Comparing Explanation Faithfulness between Multilingual and Monolingual Fine-tuned Language Models
This addresses the need for reliable explanations in multilingual NLP applications, though it is incremental as it extends existing monolingual faithfulness research to multilingual contexts.
The study investigated the faithfulness of feature attribution explanations in multilingual versus monolingual fine-tuned language models, finding that larger multilingual models produce less faithful explanations compared to monolingual counterparts, with tokenizer differences identified as a potential driver.

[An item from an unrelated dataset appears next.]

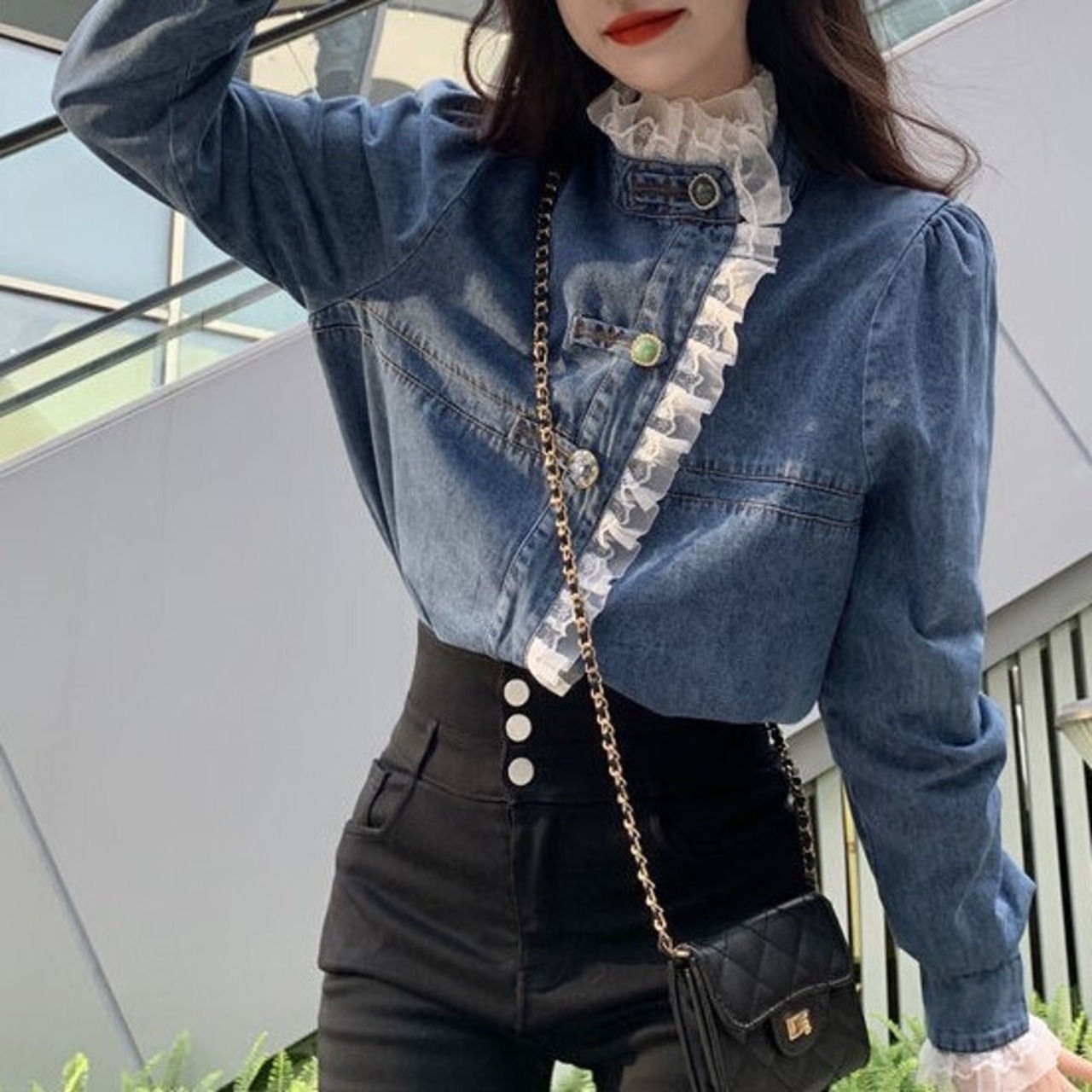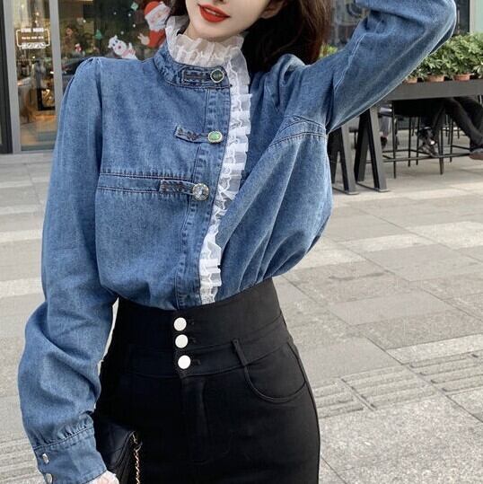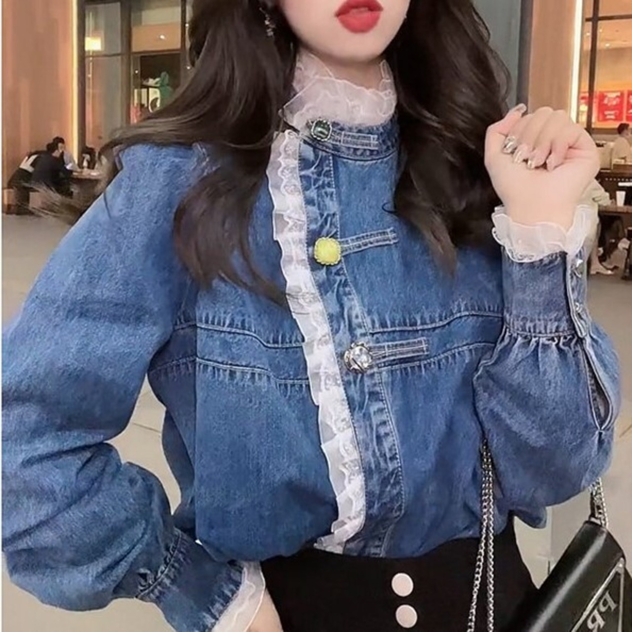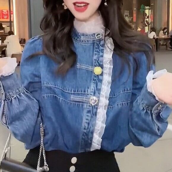 アウター コート おすすめ 人気 流行り トレンド おしゃれ お洒落 激安 安い 送料無料 プチプラ アウター ジャケット ショート ジャケット デニム ジャケット カーボーイシャツ ショート丈 ボタン 長袖 立襟 ステッチ デニム レース アメカジ 可愛い かわいい きれいめ おしゃれ レトロ 春 スプリング 春先 秋 オータム カジュアル お出かけ デート 2022 レディース 女性用 ママ 20代 30代 S M L 青 ブルー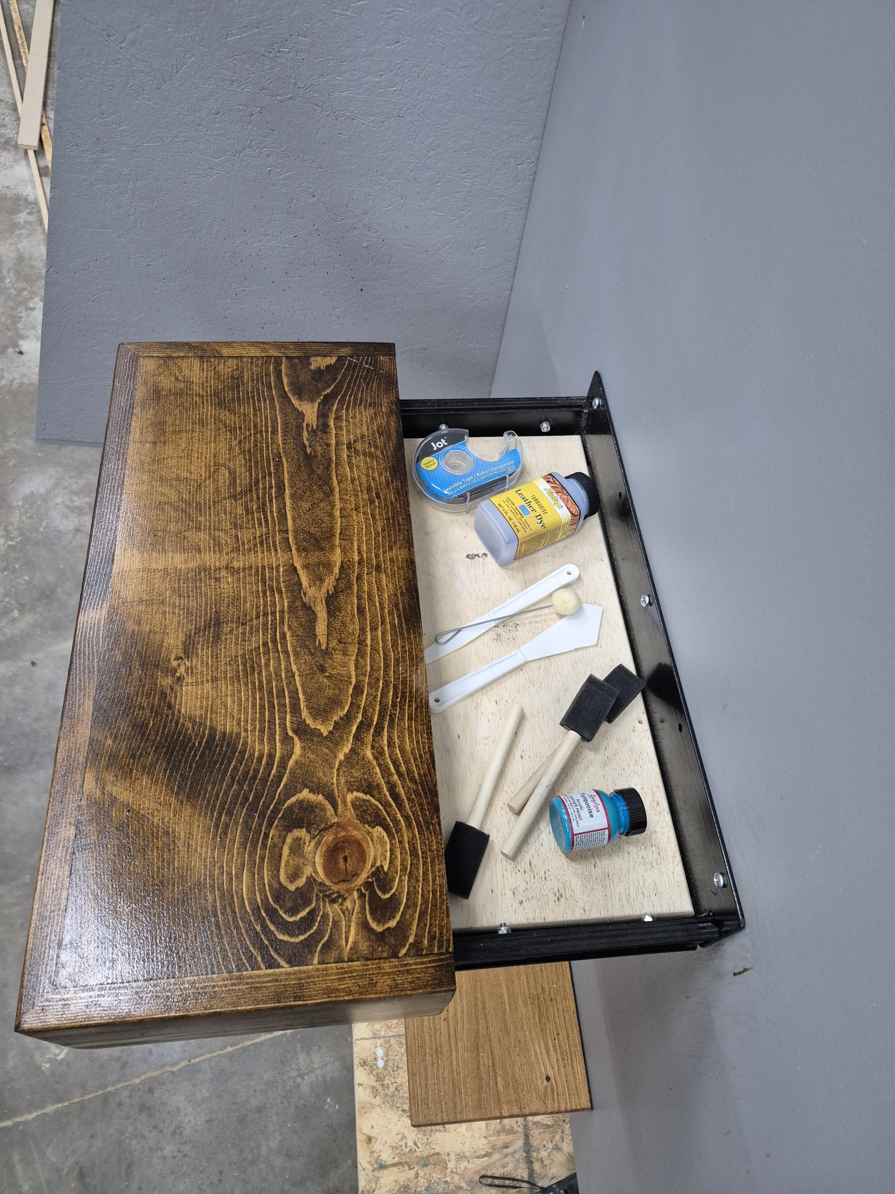 A clean, modern shelf with a concealed steel compartment built directly into the structure.

In many real natural language processing application scenarios, practitioners not only aim to maximize predictive performance but also seek faithful explanations for the model predictions. Rationales and importance distribution given by feature attribution methods (FAs) provide insights into how different parts of the input contribute to a prediction. Previous studies have explored how different factors affect faithfulness, mainly in the context of monolingual English models. On the other hand, the differences in FA faithfulness between multilingual and monolingual models have yet to be explored. Our extensive experiments, covering five languages and five popular FAs, show that FA faithfulness varies between multilingual and monolingual models. We find that the larger the multilingual model, the less faithful the FAs are compared to its counterpart monolingual models.Our further analysis shows that the faithfulness disparity is potentially driven by the differences between model tokenizers. Our code is available: https://github.com/casszhao/multilingual-faith.